On Friday night we were up late long story and just as I was finally going to bed, expecting to get maybe four hours' sleep if I was lucky, our three year old Springer, Trot, had a run-in with a skunk. We've been living away from the city for just over two years, and this is the first skunk action. Needless to say we were up for a while longer. The treatment, found on the Internet, was several baths: the first was a solution of warm water, white vinegar, baking soda, and hydrogen peroxide, followed by rubbing with tomato juice (a can of stewed tomatoes is what we had on hand, and Trot made a snack out of the spillage), and finally puppy shampoo. He was one clean boy after that.

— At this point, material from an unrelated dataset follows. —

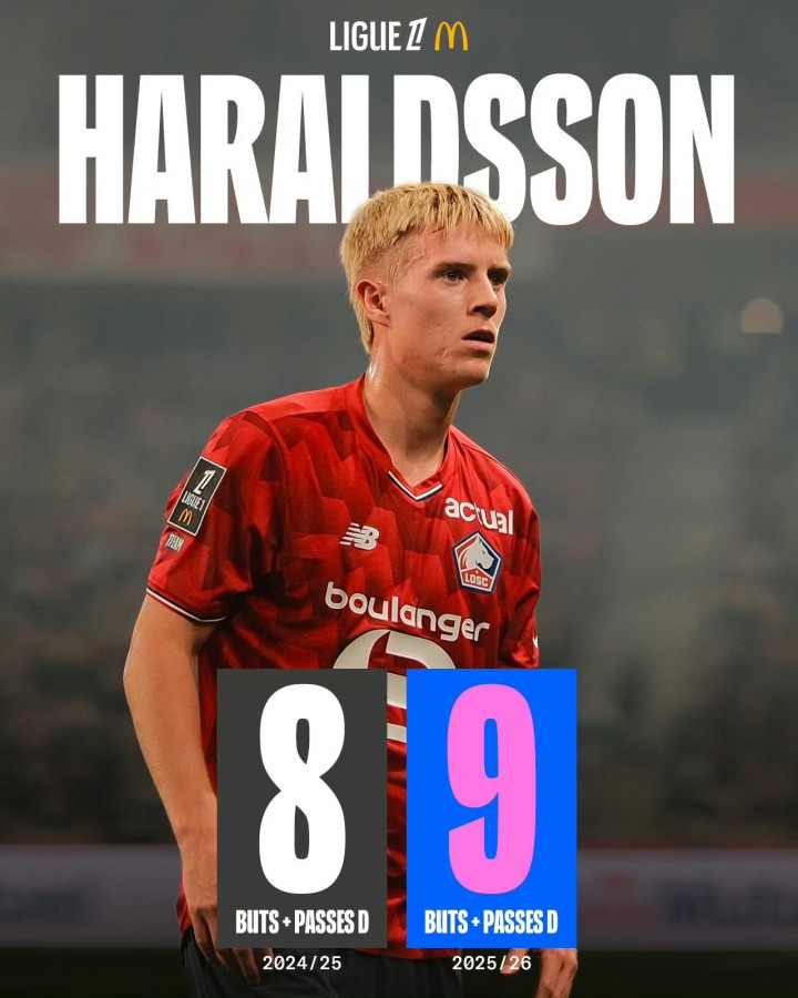 里尔前锋哈康·哈拉尔德松正在经历职业生涯最棒的一个赛季 本赛季他在联赛中已经为球队贡献7球2助
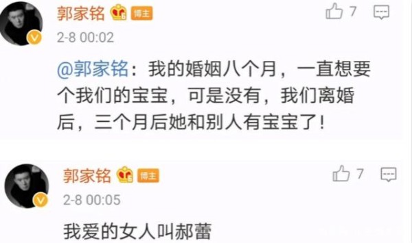 到现在,郭家铭之前在社交平台上发文宣布离婚,并称道:“是前妻怀上了别人的孩子,自己迫不得已才已婚的”。随后又紧接着又发了一条表白:“我爱的女人叫郝蕾”。

I worked at the Palm Court Jazz Cafe on Saturday night. The Saturday band includes Lionel Ferbos on trumpet, a longtime friend and at age 96 the oldest performing professional musician in town. He sounded fine. Amazingly, he had heart surgery not long ago, but has come back strong. He's the last one of his generation, but he never thinks of it like that. He's always looking forward, making plans, and smiling. On Sunday afternoon I was at the Cafe Brazil on lower Chartres Street, just outside the French Quarter. The occasion was a tribute to the late trumpet player Doc Cheatham (Google him), with whom I had a chance to work through the 90s, recording and playing gigs. He was from Nashville, not New Orleans. Late in life he became a New Orleans habitue, performing there frequently. The club is a simple place -- just a small bandstand with a dance floor and a few rows of seats. The doors to the street were wide open and it was as usual really relaxing to play for a real dance party. Great to see people having a good time.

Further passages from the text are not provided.